Congo militia leader pleads ‘Not guilty’ as trial opens


Congolese warlord Bosco Ntaganda pleaded “Not guilty” on Wednesday to crimes including the rape of child soldiers in a campaign of pillage and murder in northeast Congo’s Ituri province in the early 2000s.


The Rwandan-born Ntaganda is accused by prosecutors at the International Criminal Court (ICC) of conspiring to expand the power of the Hema ethnic group and seize the province’s vast oil, diamond and gold wealth for himself, Reuters reported.


He faces 18 charges of war crimes and crimes against humanity in all, including murder, rape, pillage and persecution, under a doctrine of international law that allows him to be charged personally with offences committed by forces under his command.


One alleged co-conspirator is Thomas Lubanga, who is serving a 14-year prison sentence after becoming the court’s first convicted defendant in 2012.

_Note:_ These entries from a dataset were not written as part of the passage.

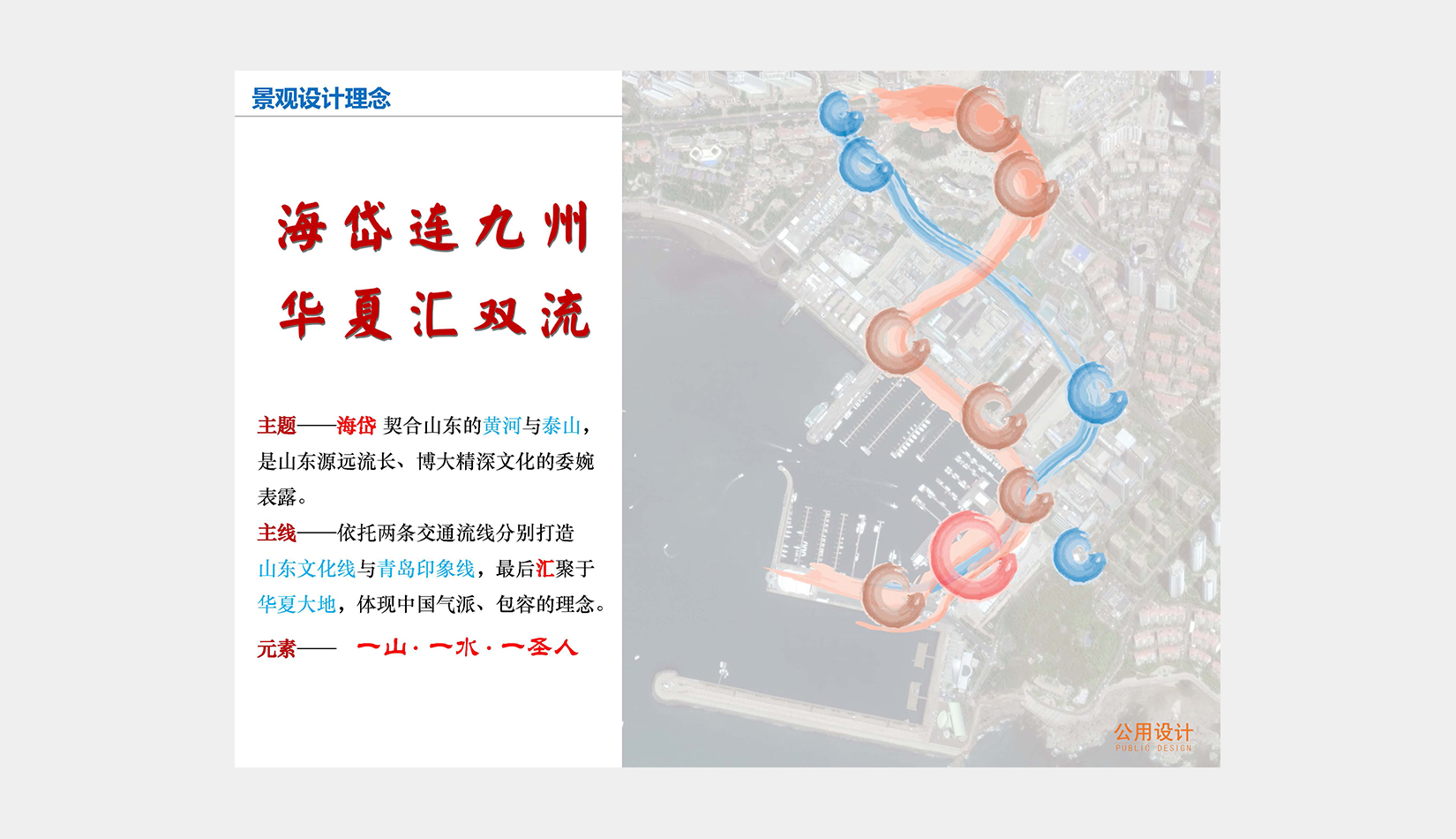 在此基礎(chǔ)上,確定迎賓動線方案,完善整個區(qū)域動態(tài)及靜態(tài)交通規(guī)劃,結(jié)合奧帆中心原有的景觀資源和山東、青島文化元素,以“海岱連九州,華夏匯雙流”為景觀設(shè)計理念,布局重要景觀標(biāo)志節(jié)點。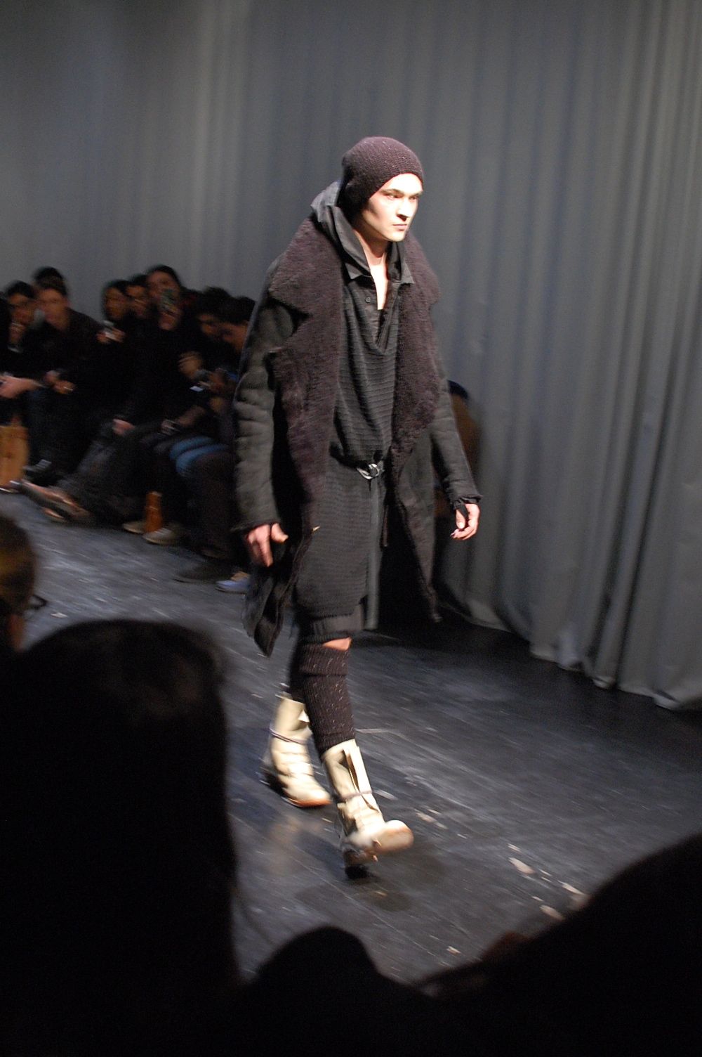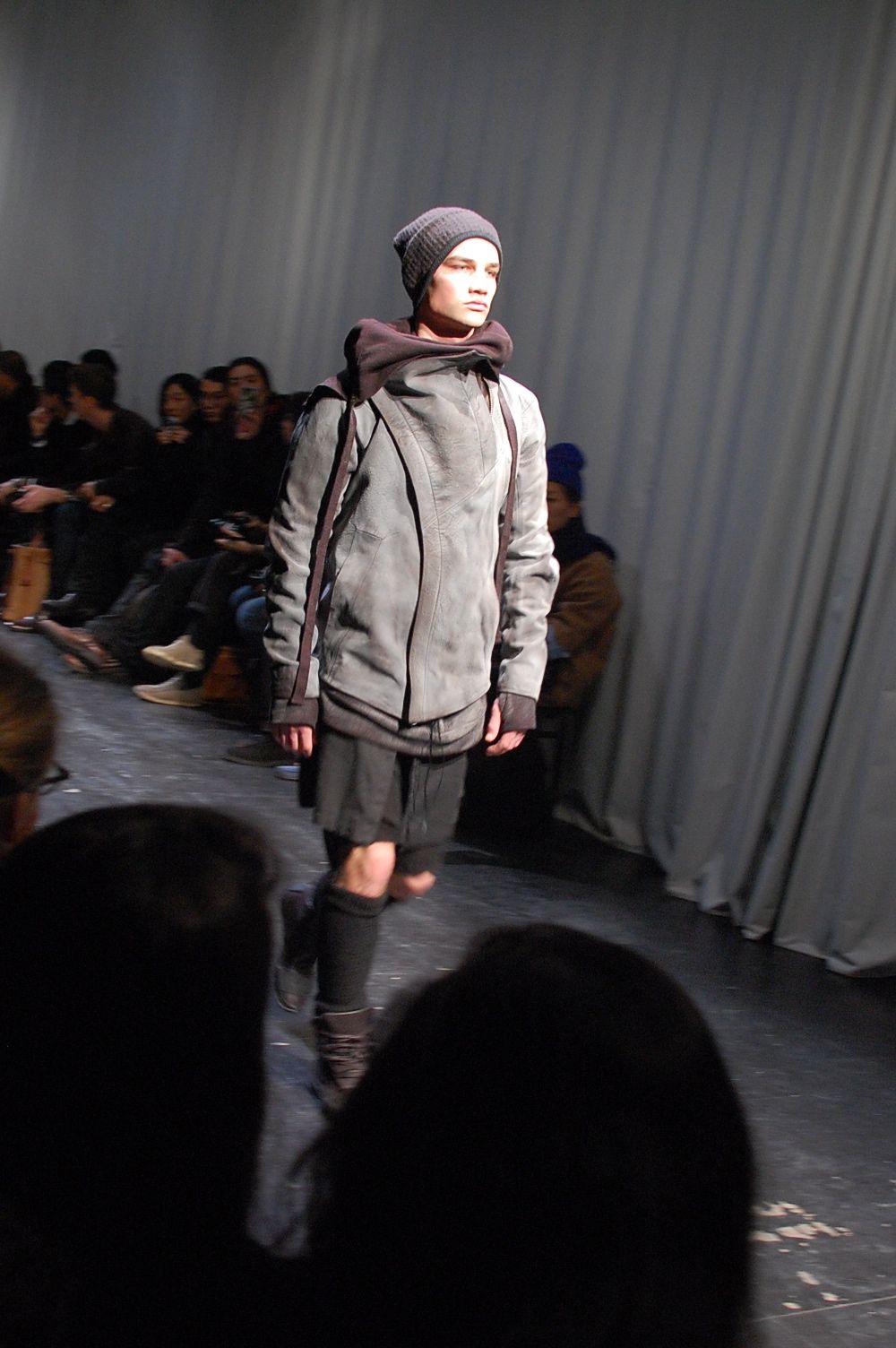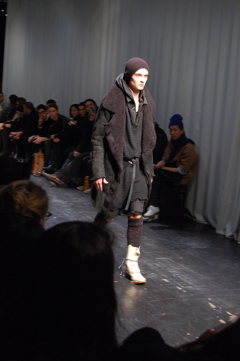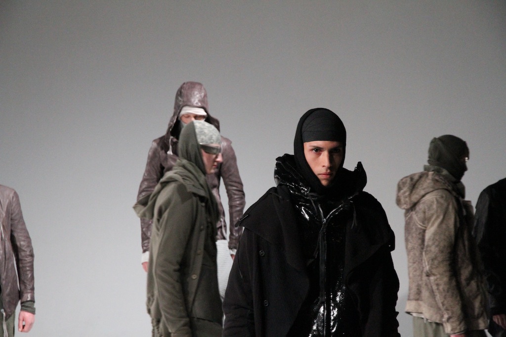 Une collection faite de tissu usé, de cuir tapé et bouilli, des véritables costumes d’apparats contre les agressions de l’hiver : tuniques, manteaux, …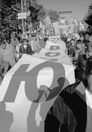 15 мужчин несут по столичной ул. Институтской белый 20-метровый плакат. На нем красным написано: "Юле – волю!" Вслед по проезжей части идут около 500 человек. Большинство из них держат флаги "Батьківщини". Во вторник утром они направляются к Высшему специализированному суду. Здесь должны продолжить рассмотрение кассационной жалобы экс-премьера Юлии Тимошенко на приговор по "газовому делу". Митингующих сопровождают несколько десятков милиционеров.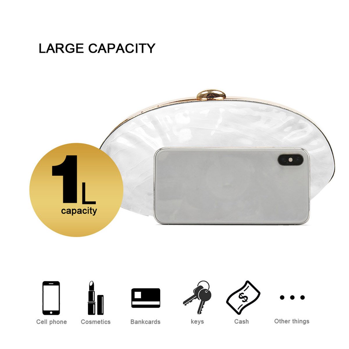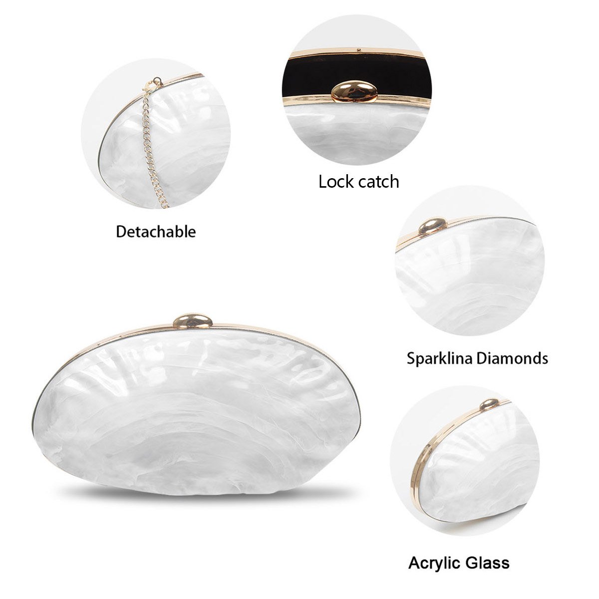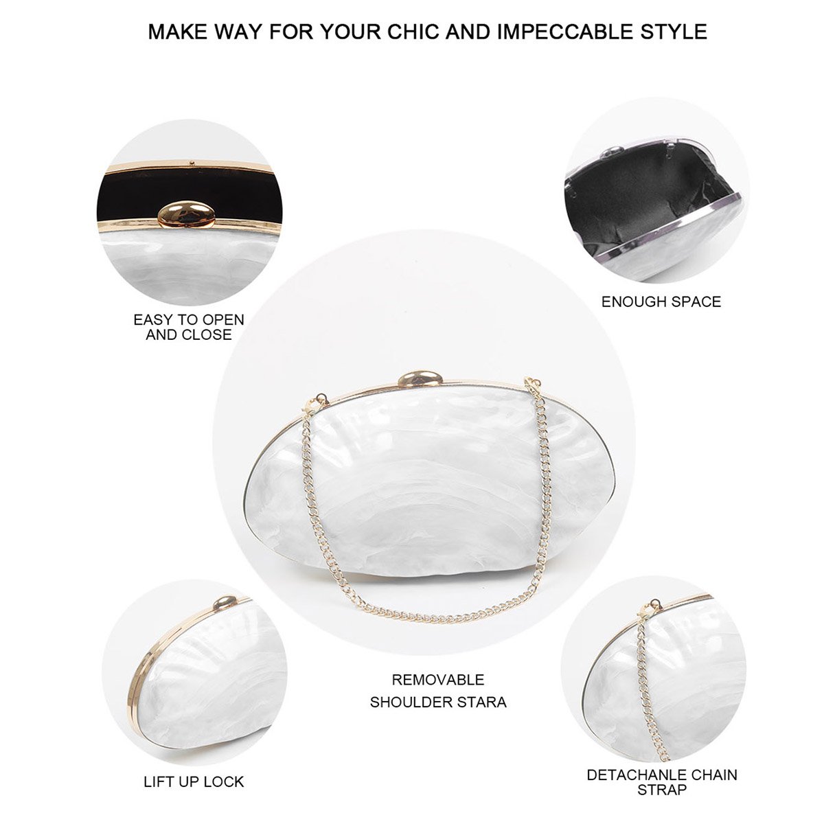 【Material】 Our evening clutch is made of high-end acrylic, with a layer of metal paint electroplated on the surface, which is not easy to fade, durable, smooth, exquisite, and fashionable. Adopting a magnetic buckle closure method for easy opening.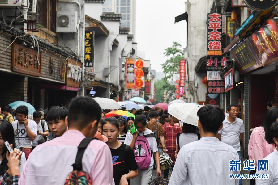 4月29日,游客在湖南长沙太平老街游玩。当日是“五一”小长假第一天,人们以各种方式放松心情,欢度假期。 新华社发(张笑宇 摄)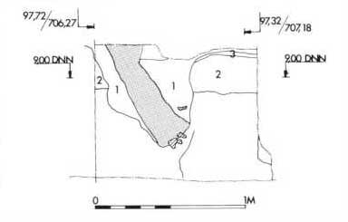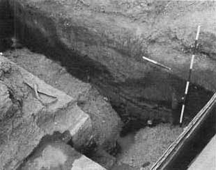 Fig. 18. Snit i voldgraven under fortovet nord for Nonnebakken. (Møntergården foto, 18. maj 1988).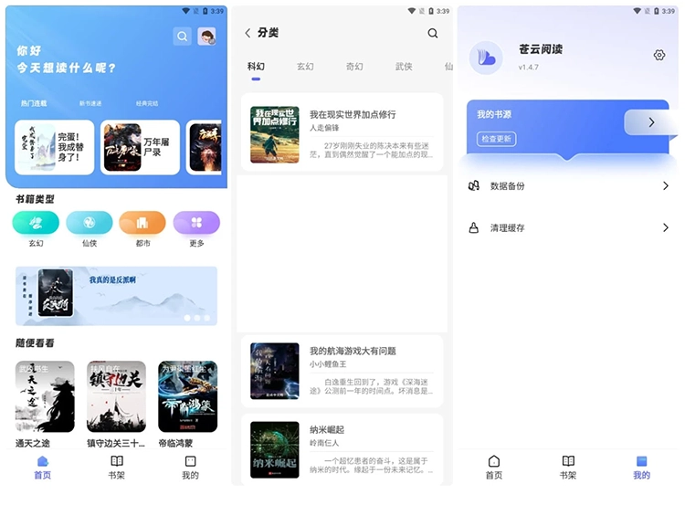苍云阅读APP 作为一款新兴的免费小说阅读平台,为广大书迷们提供了一个丰富多彩的文学世界。这款软件以其独特的魅力,迅速吸引了众多爱好阅读的用户。它涵盖了多种类型的书籍,包括但不限于玄幻、仙侠、武侠、科幻等热门题材,满足了不同用户的阅读口味和需求。在苍云阅读APP的首页,用户可以发现精心挑选的书籍推荐,这些推荐根据用户的阅读习惯和偏好进行智能匹配,确保每位用户都能第一时间找到自己感兴趣的内容。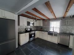 New kitchen with new appliances, new kitchen and dining room tiled floor, new carpeting on stairs and throughout the upstairs rooms. Bathroom has new flooring.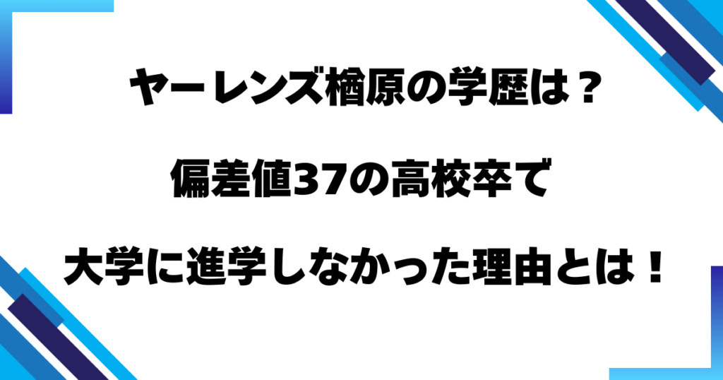 ヤーレンズ楢原の学歴は?偏差値37の高校卒で大学に進学しなかった理由とは!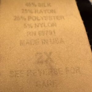 Fabric (silk blend): 45% silk, 25% rayon, 25% polyester, 5% nylon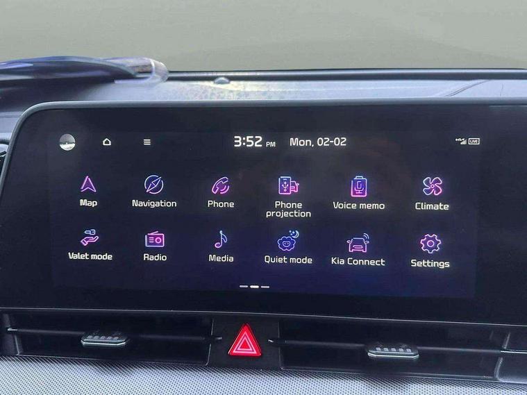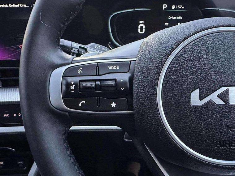 12.3" Display with navigation, 4.2" supervision colour cluster display, Apple car play/Android Auto with voice control, Drive mode selector, E-call, Forward collision avoidance assist (FCA) - city/pedestrian/cyclist/junction covering, Front and rear parking sensors, Highway Driving Assist (HDA), Intelligent speed limit assist, Kia Connect (UVO), Lane Following Assist (LFA), Lane keep assist, Low washer fluid warning, Rear view monitor, Reversing camera system integrated into centre fascia screen, Smart cruise control with stop and go functionality, Speed sensitive power steering, Trip computer, Windscreen washer level indicator, Intelligent Stop and Go, 6 speaker audio system, Bluetooth audio streaming, DAB Radio with MP3, Rear USB port, Steering wheel mounted audio controls, USB C type charging ports on centre console, USB C type charging ports on side of front seats, USB port for connection of a media device, All round electric windows with drivers and front passenger auto up/down function, Automatic headlight control system, Automatic window defogger, Backlite glass heated with timer, Black bumpers, Body colour exterior door handles, Body colour radiator upper garnish and door garnish, Electrically adjustable/heated/folding door mirrors with LED indicators, Front and rear chrome skid plates, Gloss black door mirrors, Gloss black radiator grille, Gloss black side sill and wheel arch body mouldings, Glossy black roof rack, High beam assist, Interior electrochromic mirror, LED daytime running lights, LED front fog lamps, LED headlamps (low and high beam - MFR type), LED High mounted stop light, LED rear combination lamp, Rain sensing wipers with aero blades, Rear fog lamp, Rear privacy glass, Rear side wing doors, Rear spoiler, Rear wiper, Satin finished beltline, Silver coloured inserts to bumpers, Tinted rear glass, Trailer stability assist, 12V power socket in front centre fascia and luggage compartment, 2nd row personal lamps, 3 seat bench in 2nd row, 3 x passenger assist grips, 40/20/40 split folding rear seat, All-round height adjustable headrests, Black headlining, Centre console storage box, Cupholders in rear armrest, D-Shaped sports leather steering wheel and perforated inserts with GT-Line logo, Door courtesy lamps, Drink holder at centre armrest, Driver and front passenger side sunvisors with illuminated vanity mirrors, Driver's seat manual height adjust, Drivers seat power lumbar support, Front and rear door storage, Front seat and rear pockets, Front/rear centre armrests, Gear shift indicator, Glovebox illumination, Heated front seats, Heated steering wheel, Interior door lock/unlock function, ISOFIX Child seat top tethers and anchor fixings outer rear seats, Luggage area light, Luggage area load cover, Luggage net with hooks, Metal paint interior door handles, Overhead console lamp, Paddle shift controls, Rear cabin light, Rear coat hooks, Single front passenger seat, Sports pedals, Suede leather upholstery, Three zone climate control, Tilt/telescopic adjustable steering wheel, Ventilation ducts to rear compartment, Active front headrests, All round 3-point seatbelts, Anti-lock braking system (ABS), Dual front side airbags, Dual horn, Electronic parking brake, Electronic stability control with downhill brake control, Front passenger airbag cut-off switch, Front seatbelt pretensioners + load limiters, Height adjustable front seatbelts, Hill start assist control (HAC), Impact sensing auto door unlocking, Multi collision brake assist, Rear door child safety locks, Rear seat alert system, Traction control, Twin curtain airbags, Twin front airbags, Tyre pressure monitoring system, Advanced anti-theft system including immobiliser and alarm, Door deadlocks, Engine Start/Stop Button with Smart Entry System, Locking wheel nuts, Speed sensitive auto door locking, Visible vehicle identification number, Aluminium pattern finish centre fascia and door garnish, 19" GT-Line alloy wheels, Tyre mobility kit,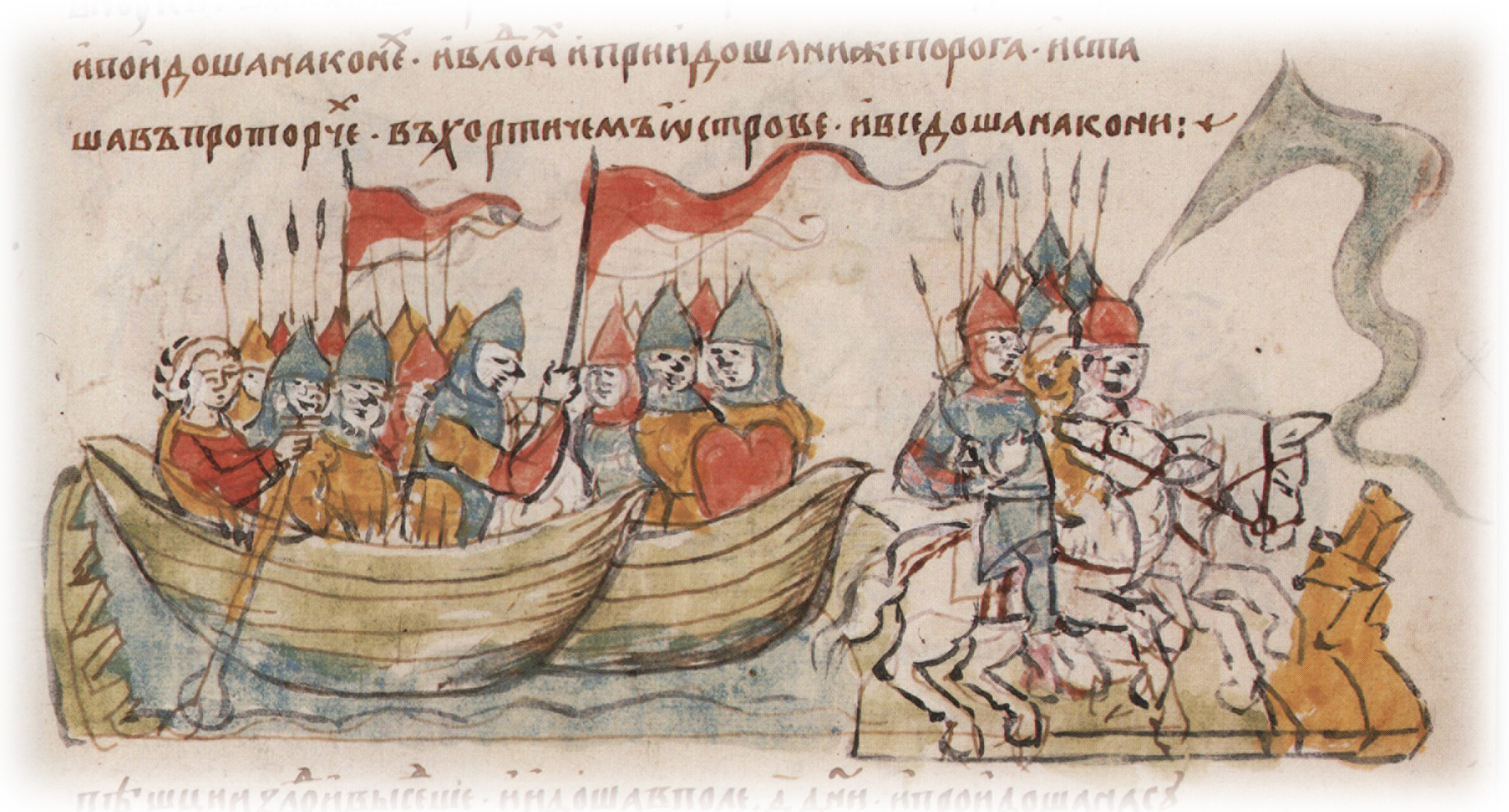 "Володимер же... поиде к Переяславлю, а Святополк по нем, и Да ныл Святославич, и Да-выд Всеславич, Мстислав Игорев внук, Вячеслав Ярополчичь, Ярополк Володимирич. И поидоша на конех и в лодиях, и приидоша ниже порога... И вседоша на кони".

Prosecutor Fatou Bensouda told judges that fighters from Ntaganda’s Union of Congolese Patriots (UPC) had lured ethnic Lendus occupying the land they wanted to arrange purported peace talks in order to capture and kill them.


“Bosco Ntaganda was the UPC’s highest commander, in charge of operations and organisation,” she told the court, adding that he had allowed the slaughter to go unpunished.


One witness found the bodies of his own wife and children among victims of the slaughter in a banana field. Their throats had been slit and his infant daughter’s skull was staved in.


They were just five of an estimated 5,000 civilians killed during the 2002-03 campaign. Bensouda said Ntaganda had praised the field commander responsible as “a real man.”